▽

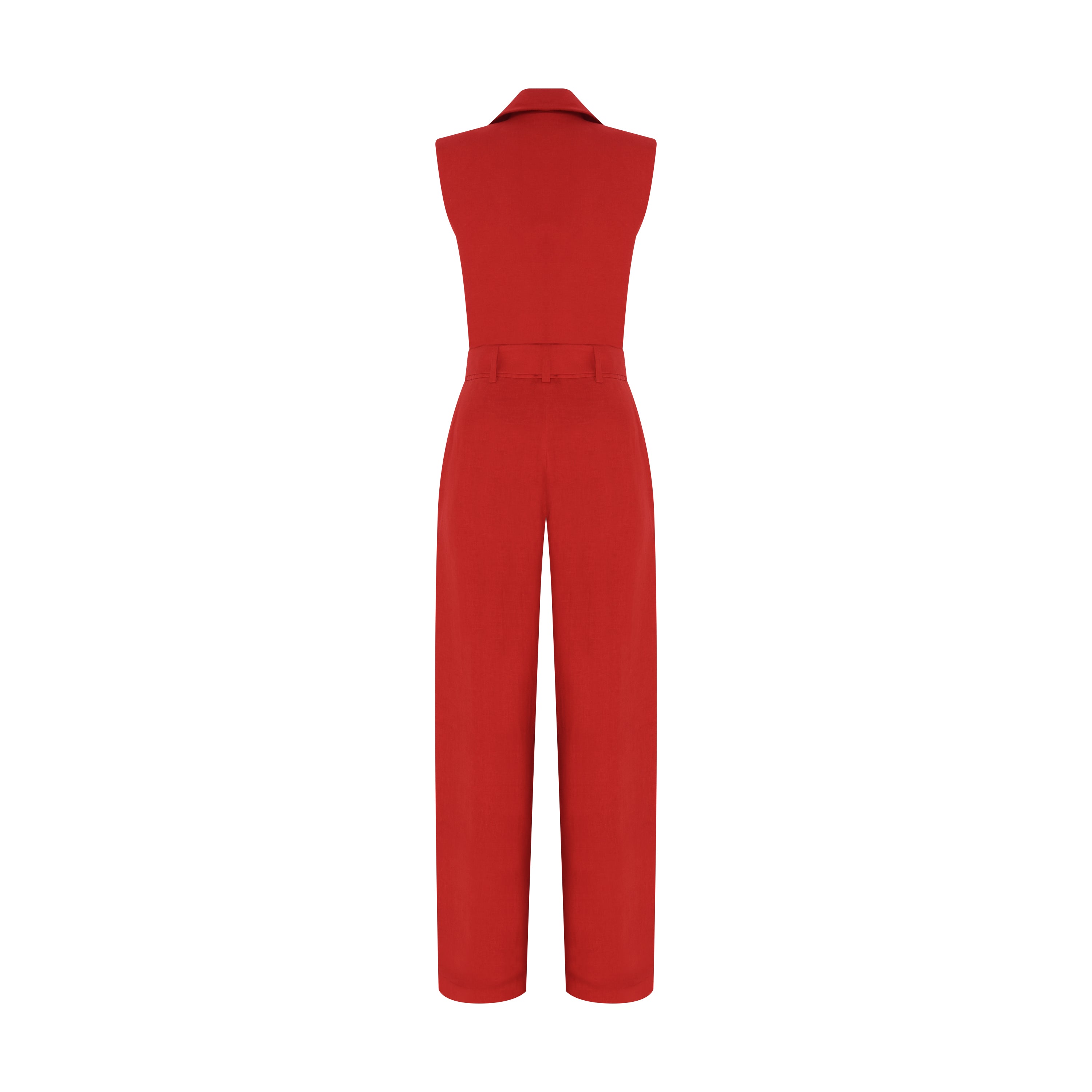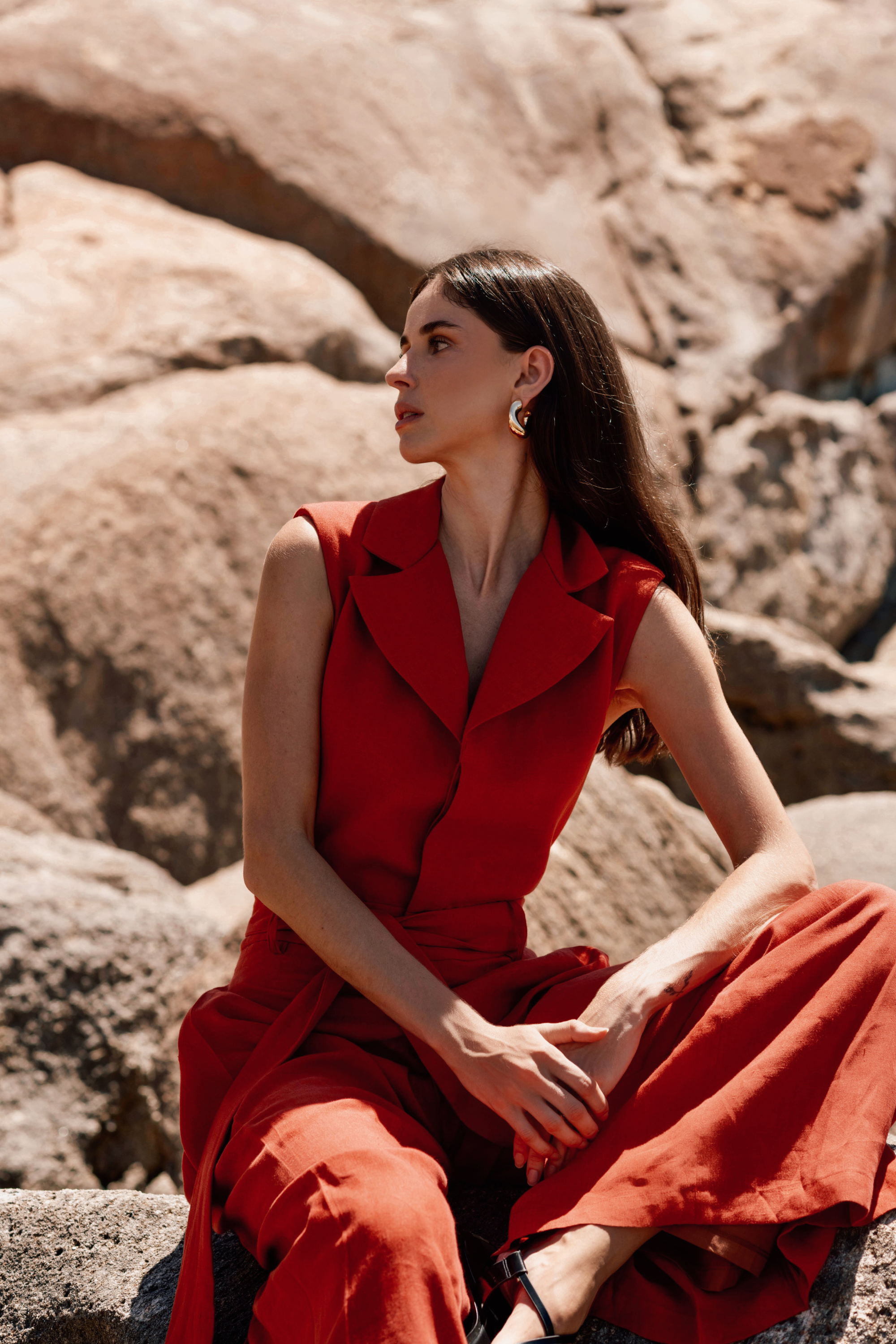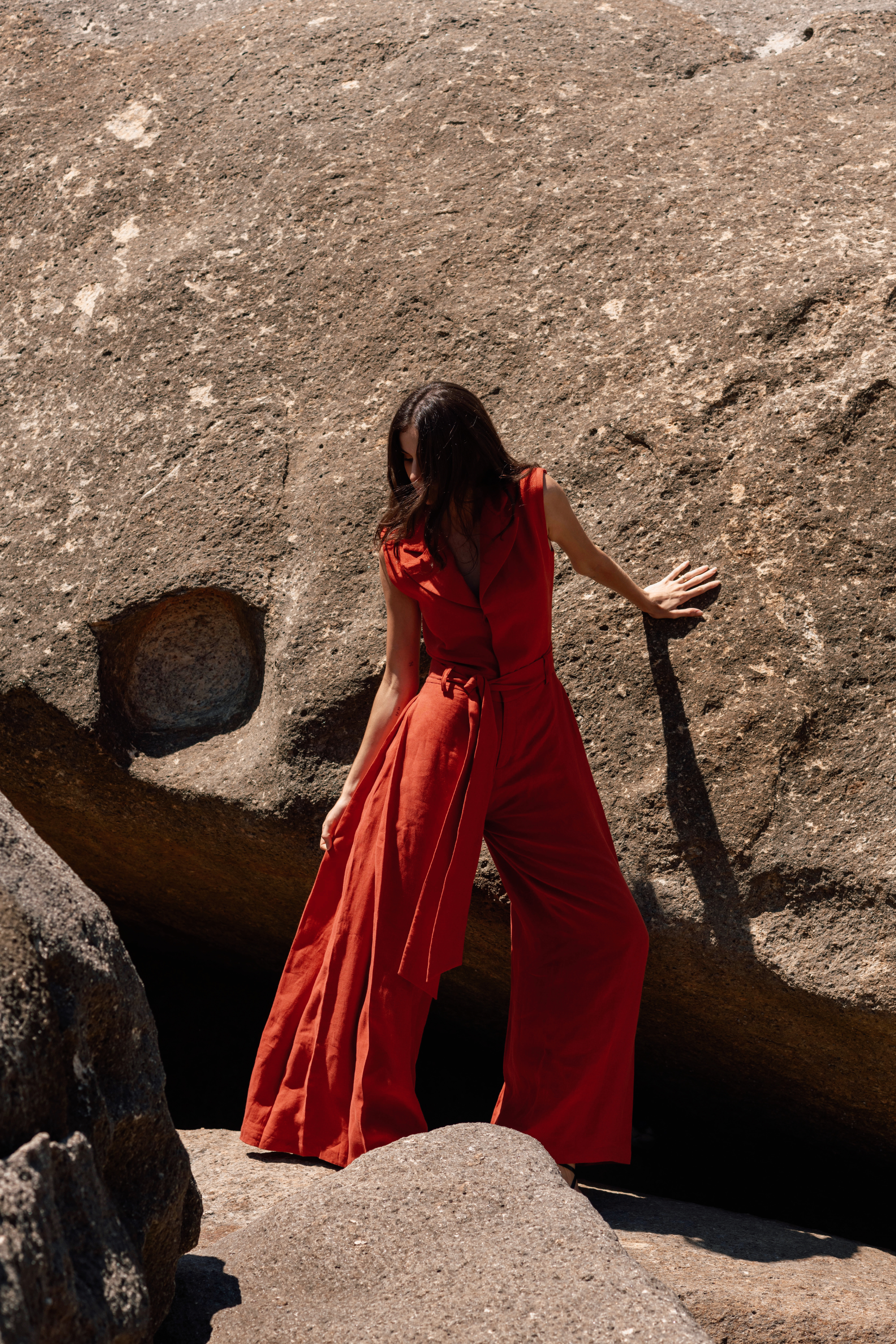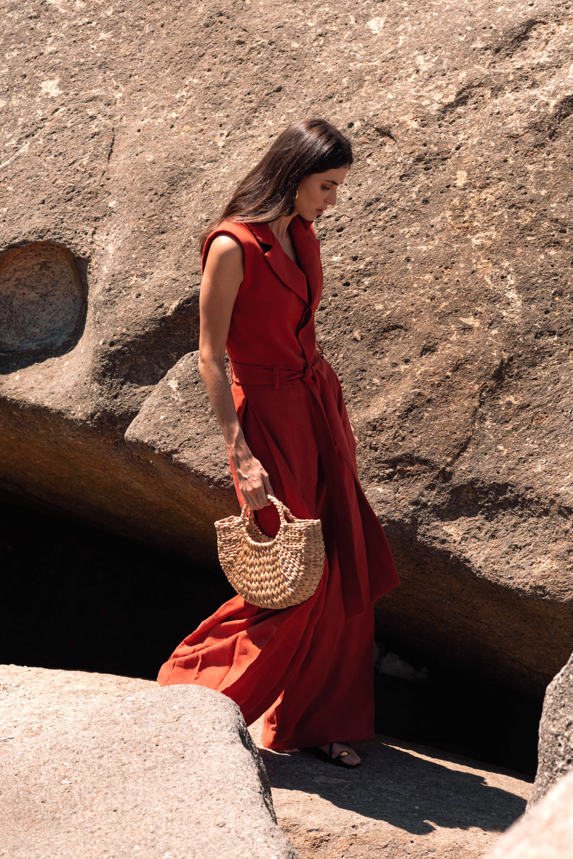 De tecido em 100% linho, este produto propõe um visual descomplicado e chic para os dias de verão. Possui uma construção inspirada em alfaiataria e cria uma silhueta bem feminina ao ajustar o cós da cintura com uma faixa. O volume da parte inferior, criado pela modelagem pantalona, ganha movimento através das pregas nas laterais. Possui ombreiras, bolso invisível nas laterais e fechamento frontal com pate coberta e botões de madrepérola natural.
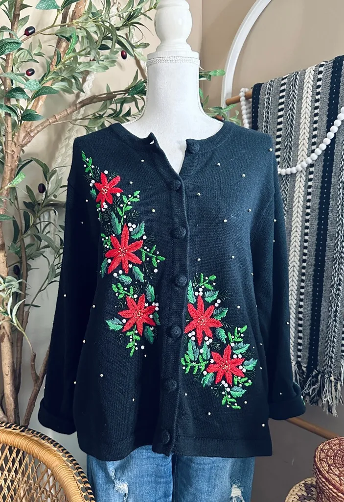 Vintage DonnKenny Black Pearl-Studded Embroidered Poinsettia Christmas Cardigan – Size Large Gorgeous vintage DonnKenny Christmas cardigan featuring detailed **embroidered poinsettias and greenery that run diagonally across the front. Black knit base with beautiful pearl accents, gold beaded details, and adorable pearl mistletoe embroidery on the wrist cuffs for an extra festive touch. Perfect for holiday parties, Christmas photos, or adding vintage charm to your winter wardrobe. **Details:** • Brand: DonnKenny • Size: Large • Color: Black with red poinsettia + green embroidery • Pearl and gold beaded accents throughout • Pearl mistletoe detail on cuffs • Button-front cardigan • Classic vintage holiday style **Condition:** Has a few slight signs of wear on one side (shown in photos) — light faded marks, not very noticeable when worn. Overall great vintage condition. **Keywords/Tags: vintage Christmas sweater, DonnKenny cardigan, holiday cardigan, poinsettia sweater, embellished Christmas top, pearl beaded cardigan, retro holiday fashion, festive knitwear, vintage winter clothing P2P: 22” Length 24”
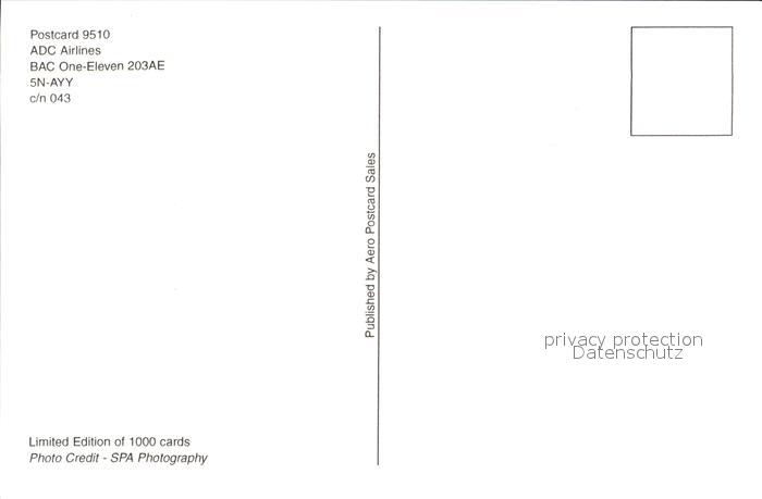 Flugzeuge zivil ADC Airlines BAC One-Eleven 203AE 5N-AVY postalisch nicht gelaufen Erhaltung siehe scans
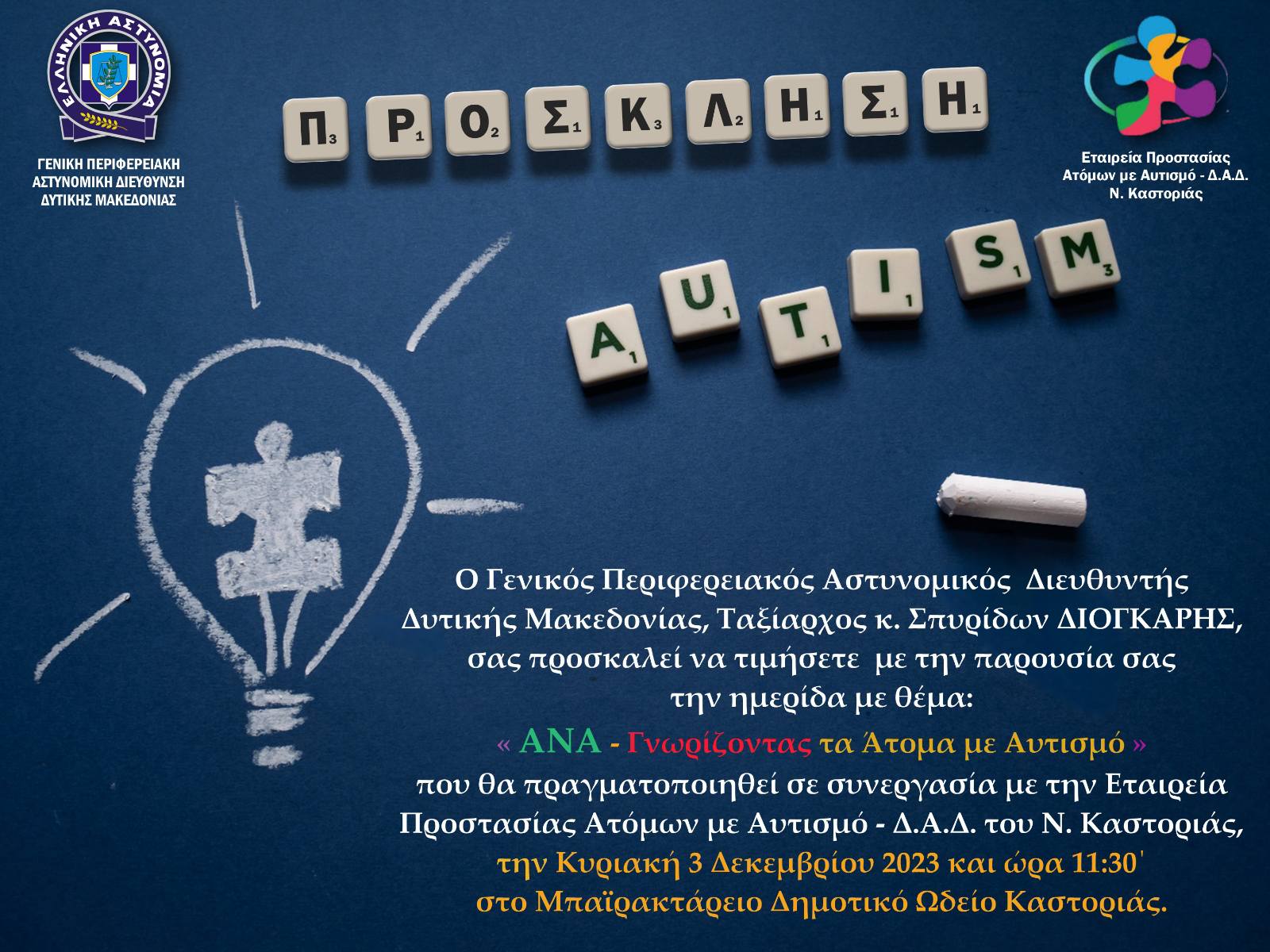Με αφορμή την Παγκόσμια Ημέρα Ατόμων με Αναπηρία (3ης Δεκεμβρίου) η Γενική Περιφερειακή Αστυνομική Διεύθυνση Δυτικής Μακεδονίας, την Κυριακή 03 Δεκεμβρίου 2023 και ώρα 11:30, στο Μπαϊρακτάρειο Δημοτικό Ωδείο Καστοριάς στη Χλόη Καστοριάς, διοργανώνει σε συνεργασία με το Κέντρο Ημέρας για Παιδιά, Εφήβους και Νεαρούς Ενήλικες στο φάσμα του Αυτισμού της Εταιρείας Προστασίας Ατόμων με Αυτισμό – Διάχυτες Αναπτυξιακές Διαταραχές της Περιφερειακής Ενότητας Καστοριάς, ημερίδα για τα δικαιώματα των Ατόμων με Αναπηρία με θέμα «Ανα-Γνωρίζοντας τα άτομα με Αυτισμό».
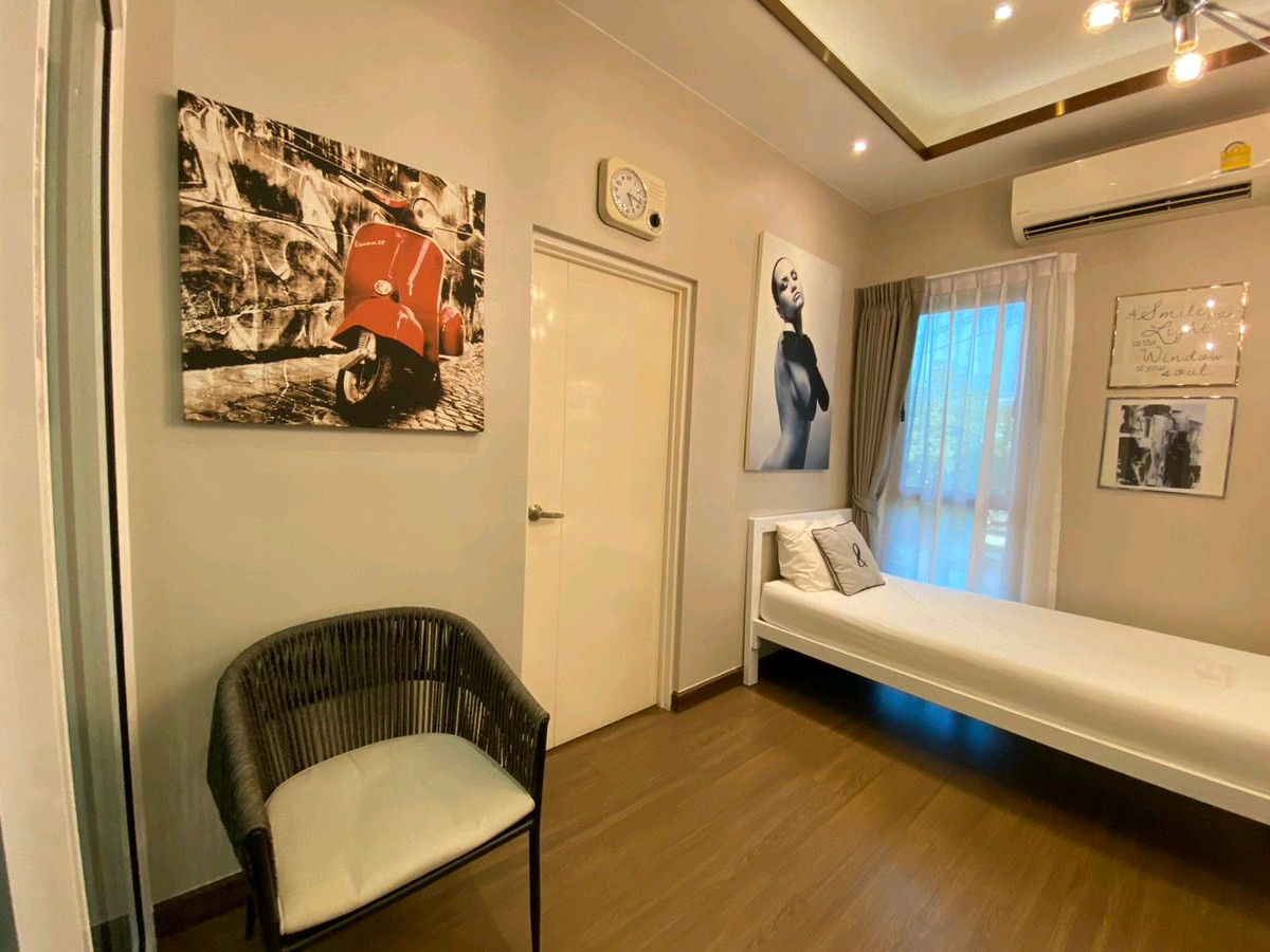 Owner Post Beautiful corner house for rent. The front of the house doesnt collide with anyone. There are only two houses in the alley. Next to the village club and swimming pool Ready to move in Usable area 400 square meters Fully freestanding and built-in furniture. and complete electrical appliances Four-way air conditioning and wall-mounted air conditioners in every room. Excellent condition. Excellent location Pleated mosquito netting throughout the house Good soundproofing glass Equipped with safety film to block heat and sunlight well Entry and exit in many ways. The village is next to the main road. Lots of restaurants Near department stores such as Central Bangna. Paradise Park, Seacon Square and leading supermarkets such as Lotus BigC Tops MaxValue Makro near Ozone sources such as Suan Luang Rama 9 and Bueng Nong Bon near Phatthanakan Expressway, Bangna Expressway, Kanchana Ring Expressway, BTS, Suvarnabhumi Airport. You can make an appointment to view 6 bedrooms (including air-conditioned maids room), 7 bathrooms, 4 parking spaces (inside the house), many more cars outside the house Next to the clubhouse, swimming pool, fitness, co-working space If interested, chat or call. Ms. Thanyarat Call Contact number Accepting Agents. If you have customers, please contact us.

△

[About this task] Repeat, word for word and with no pictures, only the lines running from the beginning of the data to the line that contains "Flugzeuge zivil ADC".

[Response]
 De tecido em 100% linho, este produto propõe um visual descomplicado e chic para os dias de verão. Possui uma construção inspirada em alfaiataria e cria uma silhueta bem feminina ao ajustar o cós da cintura com uma faixa. O volume da parte inferior, criado pela modelagem pantalona, ganha movimento através das pregas nas laterais. Possui ombreiras, bolso invisível nas laterais e fechamento frontal com pate coberta e botões de madrepérola natural.
 Vintage DonnKenny Black Pearl-Studded Embroidered Poinsettia Christmas Cardigan – Size Large Gorgeous vintage DonnKenny Christmas cardigan featuring detailed **embroidered poinsettias and greenery that run diagonally across the front. Black knit base with beautiful pearl accents, gold beaded details, and adorable pearl mistletoe embroidery on the wrist cuffs for an extra festive touch. Perfect for holiday parties, Christmas photos, or adding vintage charm to your winter wardrobe. **Details:** • Brand: DonnKenny • Size: Large • Color: Black with red poinsettia + green embroidery • Pearl and gold beaded accents throughout • Pearl mistletoe detail on cuffs • Button-front cardigan • Classic vintage holiday style **Condition:** Has a few slight signs of wear on one side (shown in photos) — light faded marks, not very noticeable when worn. Overall great vintage condition. **Keywords/Tags: vintage Christmas sweater, DonnKenny cardigan, holiday cardigan, poinsettia sweater, embellished Christmas top, pearl beaded cardigan, retro holiday fashion, festive knitwear, vintage winter clothing P2P: 22” Length 24”
 Flugzeuge zivil ADC Airlines BAC One-Eleven 203AE 5N-AVY postalisch nicht gelaufen Erhaltung siehe scans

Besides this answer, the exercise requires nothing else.